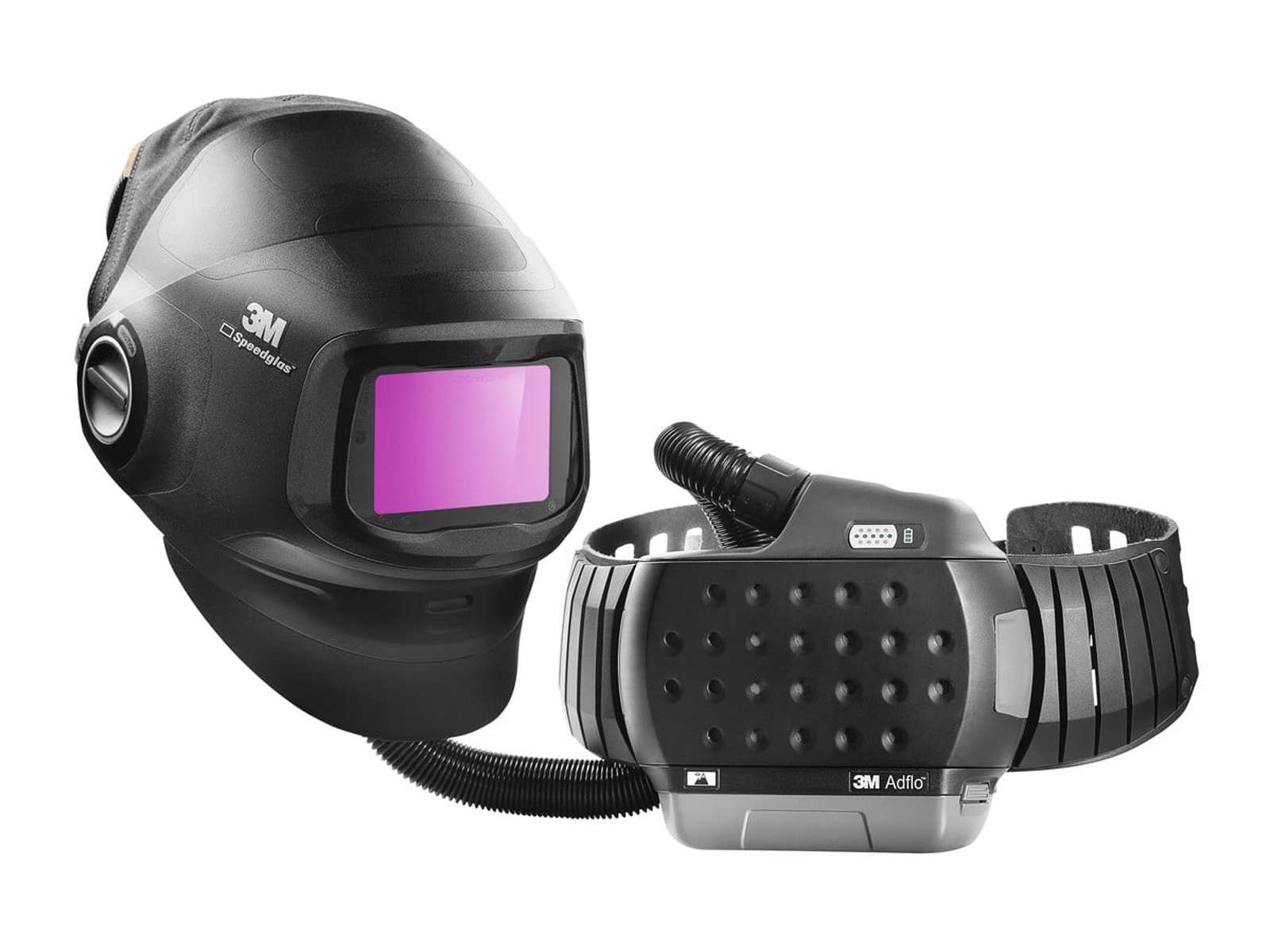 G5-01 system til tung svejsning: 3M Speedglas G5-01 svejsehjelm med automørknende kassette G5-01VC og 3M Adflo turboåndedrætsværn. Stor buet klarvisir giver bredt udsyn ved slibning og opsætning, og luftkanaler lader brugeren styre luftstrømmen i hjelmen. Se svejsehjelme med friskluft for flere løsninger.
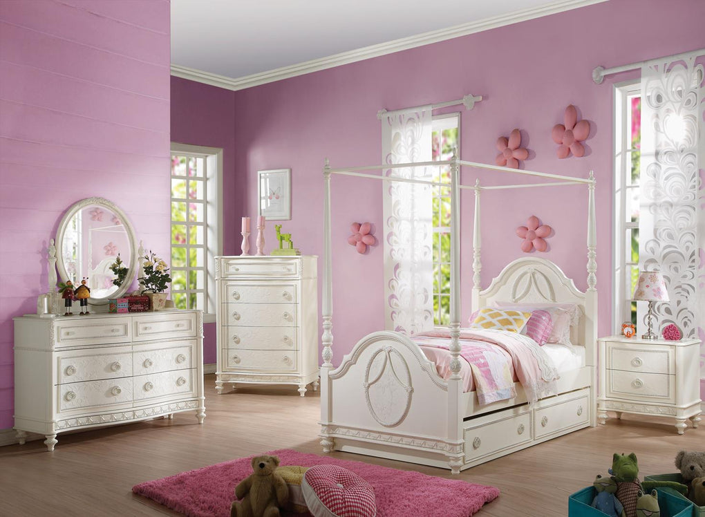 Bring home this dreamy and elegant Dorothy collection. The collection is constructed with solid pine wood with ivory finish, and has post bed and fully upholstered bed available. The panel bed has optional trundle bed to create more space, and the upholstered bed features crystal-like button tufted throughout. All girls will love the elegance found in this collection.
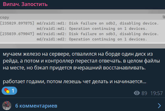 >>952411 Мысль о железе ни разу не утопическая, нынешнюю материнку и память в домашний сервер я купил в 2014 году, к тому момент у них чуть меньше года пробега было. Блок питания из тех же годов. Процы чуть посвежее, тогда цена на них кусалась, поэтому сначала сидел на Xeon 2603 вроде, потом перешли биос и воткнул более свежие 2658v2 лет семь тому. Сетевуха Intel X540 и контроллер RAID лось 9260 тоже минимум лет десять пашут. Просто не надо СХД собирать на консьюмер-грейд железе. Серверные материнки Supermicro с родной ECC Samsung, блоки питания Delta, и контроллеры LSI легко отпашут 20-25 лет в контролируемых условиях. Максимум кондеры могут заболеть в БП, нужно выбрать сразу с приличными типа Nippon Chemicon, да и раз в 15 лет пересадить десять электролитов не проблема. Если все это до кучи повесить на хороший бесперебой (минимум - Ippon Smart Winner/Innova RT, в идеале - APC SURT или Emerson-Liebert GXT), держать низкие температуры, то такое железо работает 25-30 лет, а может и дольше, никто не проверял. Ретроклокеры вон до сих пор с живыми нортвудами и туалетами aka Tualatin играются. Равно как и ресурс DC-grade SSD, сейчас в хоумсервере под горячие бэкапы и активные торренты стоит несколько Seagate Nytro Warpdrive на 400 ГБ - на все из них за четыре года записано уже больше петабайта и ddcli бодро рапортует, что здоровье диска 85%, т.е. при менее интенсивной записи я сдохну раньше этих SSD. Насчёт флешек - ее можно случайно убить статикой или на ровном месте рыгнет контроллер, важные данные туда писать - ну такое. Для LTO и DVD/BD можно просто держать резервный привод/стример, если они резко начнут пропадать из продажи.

□ □ □ □ □ □ □

WHAT YOU HAVE TO DO | Where pictures appear, skip them and transcribe all other material word for word.

RESPONSE TO THE EXERCISE |
 G5-01 system til tung svejsning: 3M Speedglas G5-01 svejsehjelm med automørknende kassette G5-01VC og 3M Adflo turboåndedrætsværn. Stor buet klarvisir giver bredt udsyn ved slibning og opsætning, og luftkanaler lader brugeren styre luftstrømmen i hjelmen. Se svejsehjelme med friskluft for flere løsninger.
 Bring home this dreamy and elegant Dorothy collection. The collection is constructed with solid pine wood with ivory finish, and has post bed and fully upholstered bed available. The panel bed has optional trundle bed to create more space, and the upholstered bed features crystal-like button tufted throughout. All girls will love the elegance found in this collection.
 >>952411 Мысль о железе ни разу не утопическая, нынешнюю материнку и память в домашний сервер я купил в 2014 году, к тому момент у них чуть меньше года пробега было. Блок питания из тех же годов. Процы чуть посвежее, тогда цена на них кусалась, поэтому сначала сидел на Xeon 2603 вроде, потом перешли биос и воткнул более свежие 2658v2 лет семь тому. Сетевуха Intel X540 и контроллер RAID лось 9260 тоже минимум лет десять пашут. Просто не надо СХД собирать на консьюмер-грейд железе. Серверные материнки Supermicro с родной ECC Samsung, блоки питания Delta, и контроллеры LSI легко отпашут 20-25 лет в контролируемых условиях. Максимум кондеры могут заболеть в БП, нужно выбрать сразу с приличными типа Nippon Chemicon, да и раз в 15 лет пересадить десять электролитов не проблема. Если все это до кучи повесить на хороший бесперебой (минимум - Ippon Smart Winner/Innova RT, в идеале - APC SURT или Emerson-Liebert GXT), держать низкие температуры, то такое железо работает 25-30 лет, а может и дольше, никто не проверял. Ретроклокеры вон до сих пор с живыми нортвудами и туалетами aka Tualatin играются. Равно как и ресурс DC-grade SSD, сейчас в хоумсервере под горячие бэкапы и активные торренты стоит несколько Seagate Nytro Warpdrive на 400 ГБ - на все из них за четыре года записано уже больше петабайта и ddcli бодро рапортует, что здоровье диска 85%, т.е. при менее интенсивной записи я сдохну раньше этих SSD. Насчёт флешек - ее можно случайно убить статикой или на ровном месте рыгнет контроллер, важные данные туда писать - ну такое. Для LTO и DVD/BD можно просто держать резервный привод/стример, если они резко начнут пропадать из продажи.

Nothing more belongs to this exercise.